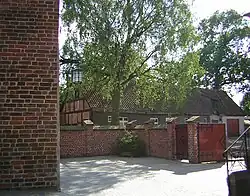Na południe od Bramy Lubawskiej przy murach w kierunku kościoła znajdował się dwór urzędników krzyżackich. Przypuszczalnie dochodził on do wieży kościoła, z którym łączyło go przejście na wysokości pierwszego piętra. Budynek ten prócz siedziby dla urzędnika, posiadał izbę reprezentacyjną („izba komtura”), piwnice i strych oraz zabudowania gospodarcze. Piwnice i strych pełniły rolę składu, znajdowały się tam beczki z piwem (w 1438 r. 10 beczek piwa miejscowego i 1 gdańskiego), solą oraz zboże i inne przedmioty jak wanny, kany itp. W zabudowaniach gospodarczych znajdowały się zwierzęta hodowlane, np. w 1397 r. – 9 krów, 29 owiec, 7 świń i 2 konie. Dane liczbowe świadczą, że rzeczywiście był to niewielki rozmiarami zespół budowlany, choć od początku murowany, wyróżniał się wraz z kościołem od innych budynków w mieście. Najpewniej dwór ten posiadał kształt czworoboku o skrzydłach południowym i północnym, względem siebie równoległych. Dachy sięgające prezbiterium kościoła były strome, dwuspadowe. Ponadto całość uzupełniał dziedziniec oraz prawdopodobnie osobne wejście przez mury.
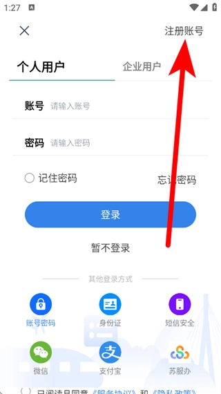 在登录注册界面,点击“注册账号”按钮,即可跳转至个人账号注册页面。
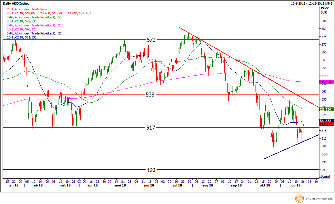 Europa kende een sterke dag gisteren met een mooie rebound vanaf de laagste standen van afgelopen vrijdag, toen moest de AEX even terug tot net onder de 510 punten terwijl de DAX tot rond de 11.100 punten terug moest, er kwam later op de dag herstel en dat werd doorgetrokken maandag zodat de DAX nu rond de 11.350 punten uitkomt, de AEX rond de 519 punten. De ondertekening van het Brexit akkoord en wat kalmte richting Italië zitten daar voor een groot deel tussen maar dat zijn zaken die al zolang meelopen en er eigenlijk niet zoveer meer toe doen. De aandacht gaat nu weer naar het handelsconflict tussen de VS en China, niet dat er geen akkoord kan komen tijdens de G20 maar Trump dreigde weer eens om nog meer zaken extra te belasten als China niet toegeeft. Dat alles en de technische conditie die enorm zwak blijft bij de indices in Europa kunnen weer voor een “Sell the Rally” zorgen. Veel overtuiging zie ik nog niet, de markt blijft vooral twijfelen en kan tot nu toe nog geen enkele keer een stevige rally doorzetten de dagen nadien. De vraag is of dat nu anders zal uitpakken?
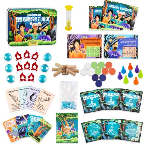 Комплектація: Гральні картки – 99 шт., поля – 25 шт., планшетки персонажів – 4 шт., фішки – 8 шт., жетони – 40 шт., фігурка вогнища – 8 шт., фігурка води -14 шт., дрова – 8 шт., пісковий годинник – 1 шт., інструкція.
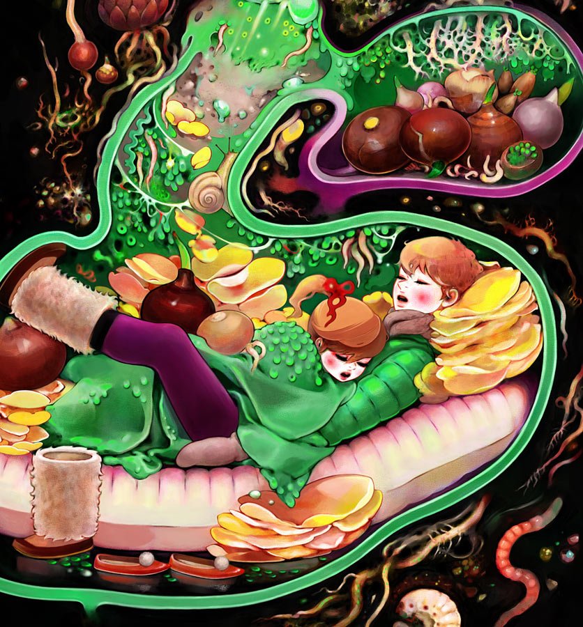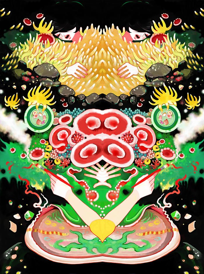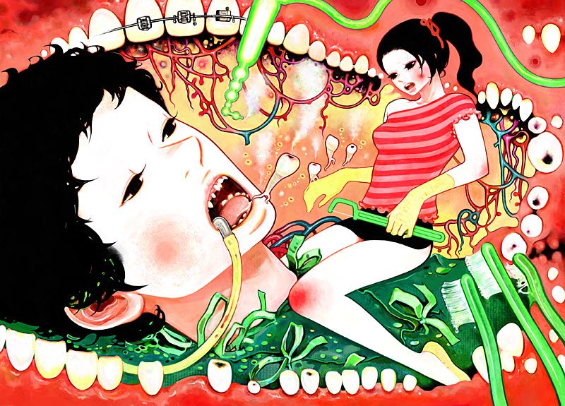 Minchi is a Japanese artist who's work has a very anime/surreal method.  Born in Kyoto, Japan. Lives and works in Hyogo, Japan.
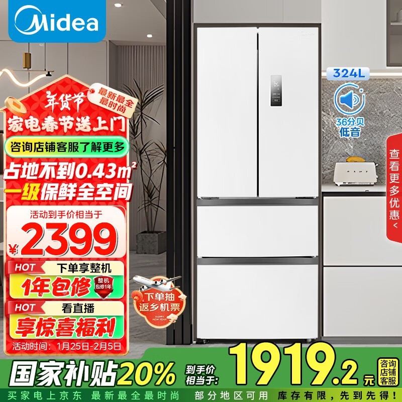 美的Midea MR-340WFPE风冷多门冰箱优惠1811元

...

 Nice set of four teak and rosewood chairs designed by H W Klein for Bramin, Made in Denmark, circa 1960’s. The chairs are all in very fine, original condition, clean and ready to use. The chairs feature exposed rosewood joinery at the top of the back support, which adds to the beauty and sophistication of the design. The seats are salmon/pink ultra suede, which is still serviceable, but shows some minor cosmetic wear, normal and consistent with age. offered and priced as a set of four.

What to produce: When you reach the line holding "Комплектація: Гральні картки" in the listing above, begin retyping exactly, and stop once the line holding "美的Midea MR-340WFPE风冷多门冰箱优惠1811元" is done; pictures stay out.

Result of this exercise:
 Комплектація: Гральні картки – 99 шт., поля – 25 шт., планшетки персонажів – 4 шт., фішки – 8 шт., жетони – 40 шт., фігурка вогнища – 8 шт., фігурка води -14 шт., дрова – 8 шт., пісковий годинник – 1 шт., інструкція.
 Minchi is a Japanese artist who's work has a very anime/surreal method.  Born in Kyoto, Japan. Lives and works in Hyogo, Japan.
 美的Midea MR-340WFPE风冷多门冰箱优惠1811元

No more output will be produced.